Still don’t tell you what is inside of a chip. This is a known big area of concern, and is one of the reasons why the US military requires chips be made domestically for sensitive equipment.


X-ray images?


There’s a number of problems with that:

1) With node sizes getting down to 5-7nm, it’s out of reach for standard X-ray technology.

2) Lets say you use some cutting edge technology like x-Ray tomography [1]. Now how do you read this back out and know what each circuit is doing? You could compare to a ref design, but maybe that ref design already has the backdoor in it?

3) How you get from VDHL/Verilog/hardware spec to chip is a proprietary, difficult, and computationally intense process that is anything but open and even if it were, require extreme computing and specialized technical talent to understand the final chip layout vs the input

4) Even if you could do that, the shear complexity of the code could have things hidden “in plain sight” by exploiting non-obvious features, such as all the side-channel timing attacks common on Intel chips these days.

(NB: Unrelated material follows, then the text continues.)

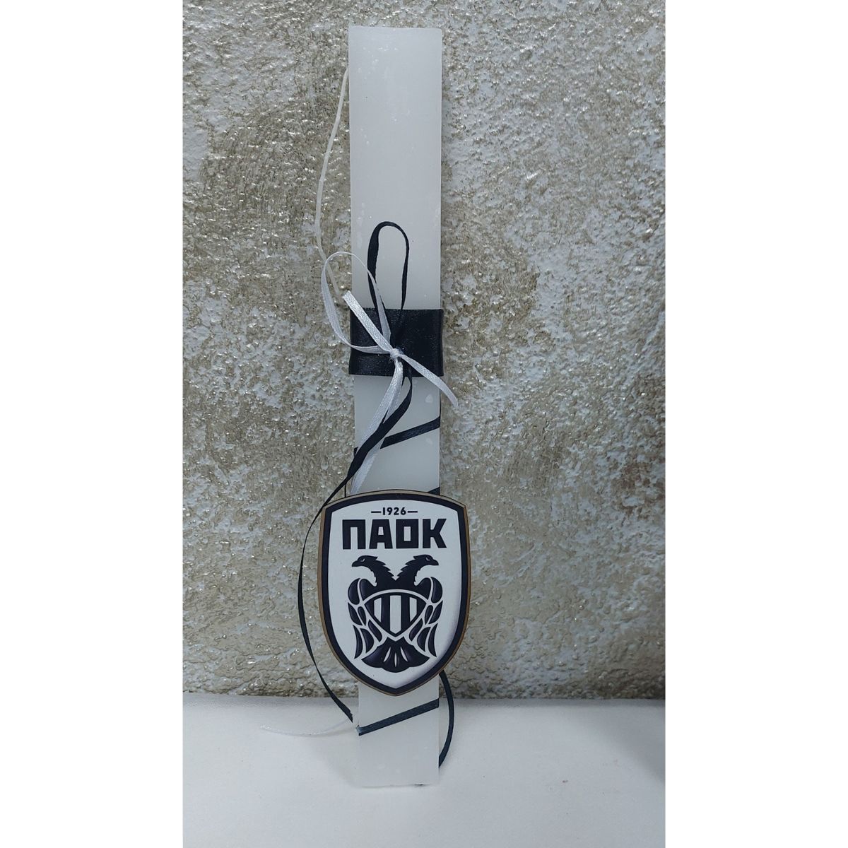 Πασχαλινή λαμπάδα με θέμα τον ΠΑΟΚ, ιδανική για μικρούς και μεγάλους φιλάθλους της ομάδας. Η λαμπάδα είναι σε λευκή απόχρωση και διακοσμείται με το χαρακτηριστικό έμβλημα του ΠΑΟΚ, κορδέλες σε ασπρόμαυρους χρωματισμούς και κομψή χειροποίητη διακόσμηση.

5) Even if you had that down, you’d have to have someone like AT&T opening up hundreds or thousands of these machines, removing all the chips, hoping that no damage occurs and your imaging technology can read through the chip packaging, and imagine them one by one and ultimately compare to some reference.

Needless to say, this is not a realistic endeavor. We’re talking state-level espionage with resources and motivation. You have to control the supply chain, and hope your own supply chain isn’t compromised itself.

[1] https://arstechnica.com/science/2017/03/bright-x-rays-reveal...


While reasonable, this is a pretty pessimistic point of view. With X-ray images, the attacker has much less flexibility to change the hidden backdoors. You do not have to check every single machine, like no one ever checks every single line of code. It is enough if people randomly check the X-ray images and whenever someone finds anything suspicious, it will get into the news. This is how open source works.

Yes, having a state as enemy is a loosing game, but if we take every possibility to make their life harder, it will shift the game significantly. Giving up never help anyone.


If x ray doesnt work, try some other stuff, infrared, led, radioactive, ect. Could even try something as simple as attach multimeter leads to the pins.